Print the listing as it stands, omitting all images.
*** Opening of Provided material ***
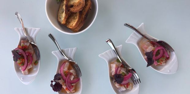 Josué prepared wonderful canapés including gazpacho shot with oregano toast, Mediterranean bruschetta with kalamata olives, lemong, fleur de sel, olive oil and basil sprout, creme brûlée parmigiano, ceviche and chicken breast marinated in sesame oil wrapped in bacon.
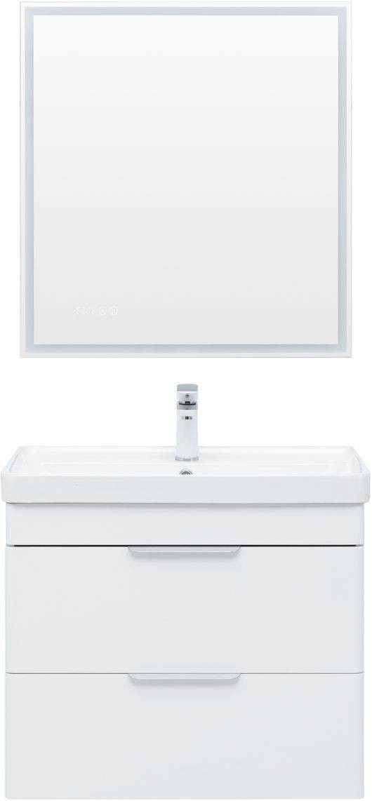 Тумба с раковиной Aquanet Ирис new 70 белый глянец (2 ящика)
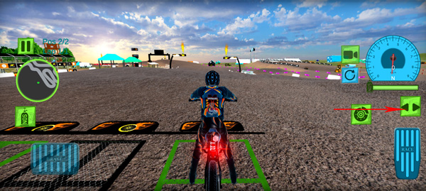 1、打开越野摩托模拟器最新版本,左下方的两个按键分别是控制摩托的左右方向;
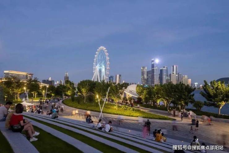 约2公里长的滨海廊桥城市绿廊缝合了城市地标、公共空间、绿化、地铁枢纽等,让城市以点成线,璀璨的灯火串联,配套与配套之间实现便利的交融,城市的活力也此之间流动蔓延。
*** Close of Provided material ***
## Written reply
 Josué prepared wonderful canapés including gazpacho shot with oregano toast, Mediterranean bruschetta with kalamata olives, lemong, fleur de sel, olive oil and basil sprout, creme brûlée parmigiano, ceviche and chicken breast marinated in sesame oil wrapped in bacon.
 Тумба с раковиной Aquanet Ирис new 70 белый глянец (2 ящика)
 1、打开越野摩托模拟器最新版本,左下方的两个按键分别是控制摩托的左右方向;
 约2公里长的滨海廊桥城市绿廊缝合了城市地标、公共空间、绿化、地铁枢纽等,让城市以点成线,璀璨的灯火串联,配套与配套之间实现便利的交融,城市的活力也此之间流动蔓延。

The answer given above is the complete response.